(Repeating item that initially moved on Friday)
By Phil Wahba
NEW YORK, Feb 13 (Reuters) - The success of Mead Johnson Nutrition Co’s MJN.N initial public offering last week has buoyed investors, but was likely just the first step in a recovery of the U.S. IPO market that is still closed to all but the most solid companies.
Investors starved for new product lapped up the stock of Mead Johnson, the children’s nutrition company, buying 5 million more than originally estimated, and sending the stock soaring 10 percent in its debut Wednesday.
The $720 million flotation was the largest in 10 months in the United States, and the first in nearly three months.
“The Mead Johnson IPO showed that there are buyers out there when they can find growth in a private company (that goes public), but can’t in a public company,” said Scott Cutler, executive vice president of listings for the Americas at New York Stock Exchange operator NYSE Euronext Inc NYX.N.
But Mead Johnson, a profitable spin-off from pharmaceutical giant Bristol Myers Squibb Co (BMY.N) known for its infant formula Enfamil, was only one of four planned IPOs to succeed. The other three did not go last week.
On the positive side, Mead Johnson’s IPO was the second in a row to perform well. The other was last November’s debut by on-line university operator Grand Canyon Education Inc (LOPE.O), which has risen 50 percent over its offer price.
“It’s one of the baby steps necessary before we can walk again,” Kathleen Smith, chairwoman of Connecticut research firm Renaissance Capital said, referring to the gradual return of successful IPOs. “The IPO market is very fussy.”
Last week showed just how many steps are left.
O‘Gara Group Inc OGAR.O, a homeland security company originally seeking to raise $144 million, lowered its estimate range Thursday after delaying its pricing, initially set for Tuesday, but is now “day to day.”
Real estate investment trust Madison Square Capital Inc MDQ.N also put off an IPO until the coming week, while Changing World Technologies Inc CWL.A, which makes fuel from waste, reduced its estimated IPO range before canceling the IPO altogether Thursday.
“When they become ‘day-to-day’, they become damaged merchandise, and it shows there is little demand for them,” said Francis Gaskins, an analyst with IPO Desktop.
The deals had trouble in part because they are small, and are attractive only to a limited number of investors, Smith said.

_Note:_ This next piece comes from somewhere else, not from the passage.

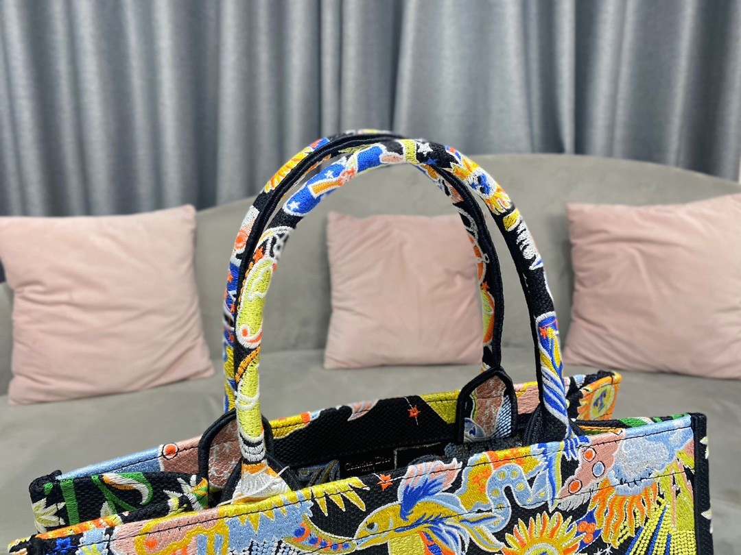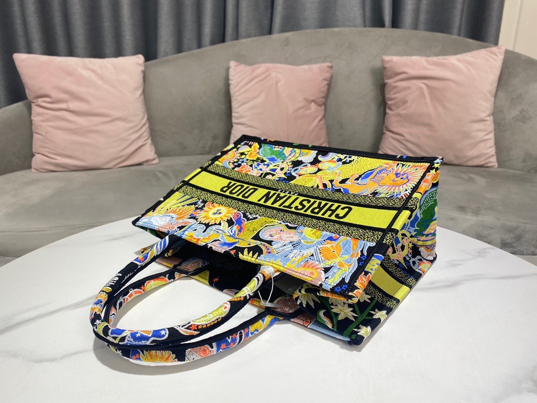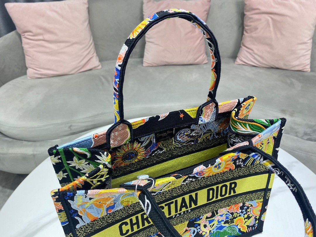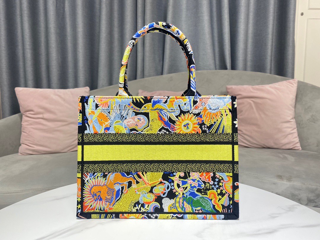 The Dior Book Tote is an original creation introduced by Maria Grazia Chiuri, Dior's Creative Director, and has become a staple of the Dior aesthetic. Designed to hold the daily essentials, the style is fully embroidered with the black multicolor Dior Zodiac Fantastico motif by Pietro Ruffo, inspired by Mr. Dior's fascination with astrology in a pastoral spirit. Adorned with the 'CHRISTIAN DIOR PARIS' signature on the front, the medium tote exemplifies the House's signature savoir-faire and may be carried by hand or worn over the shoulder.
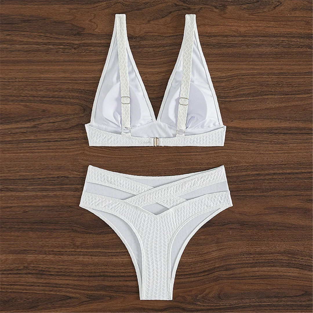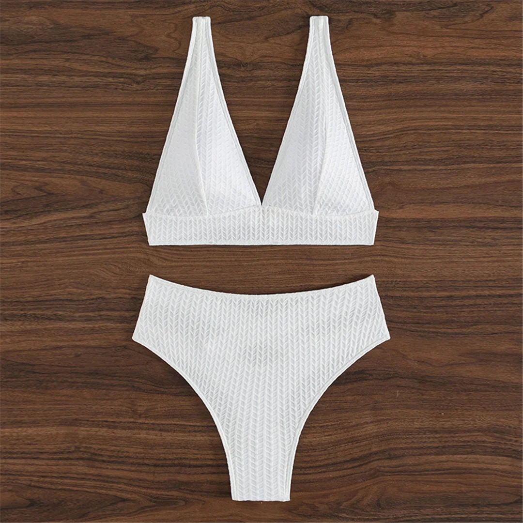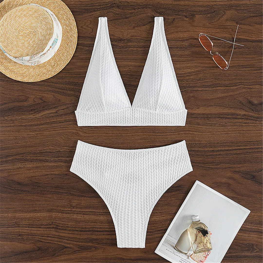 XS – L New Wrinkled V Neck High Waist Bikini Female Swimsuit Women Swimwear Two-pieces Bikini set Bather Bathing Suit Swim V5135

“Investors have been burnt by illiquid stocks and want to be able to get in and out of a stock quickly. There is high sensitivity to trading liquidity now.”
The Mead Johnson IPO debuted at $26, at an 8.3 percent premium, giving the stock a price-earnings multiple of about 12.9, compared with 11.24 for the S&P Personal Products Sub-Industry Index .GSPCOMS.
Mead Johnson is the first stand-alone pediatric nutrition company to go public. Its main competitors are Nestle SA NESN.VX, Abbott Laboratories (ABT.N) and Wyeth WYE.N.
One of Mead Johnson’s biggest advantages was its status as a profitable, growing spin-off of a multinational, so investors were familiar with it.
While the Mead Johnson deal is unlikely to blow the IPO doors wide open, it could open them up a bit for other spin-offs in the pipeline because of the familiarity and liquidity that larger deals offer, analysts said.
“This is a sign that any company that needs capital and has a crown jewel subsidiary is invited to spin it off,” Smith said.
The pipeline includes deals by Cloud Peak Energy Inc, the U.S. coal business unit of Anglo-Australian mining company Rio Tinto (RIO.L)(RIO.AX), and Artio Global Investors Inc, part of Swiss asset management company Julius Baer Holding Ltd BAER.VX, which have both filed for IPOs of up to $1 billion.
Still, each faces its own challenges.
The last coal company to attempt an IPO, Rhino Resources Inc, shelved its flotation in August, right before it was set to price, and the market has shown scant appetite for new financial stocks.
What’s more, Mead Johnson was the first carve-out since EMC Corp EMC.N spun off virtualization software maker VMWare Inc (VMW.N) in a $1.1 billion IPO in August 2007.
“Mead Johnson outlined the criteria for a successful spin-off. A company has to have positive cash flow, pay a dividend and have a brand,” Gaskins said.
Those criteria also apply to any deal looking for a market.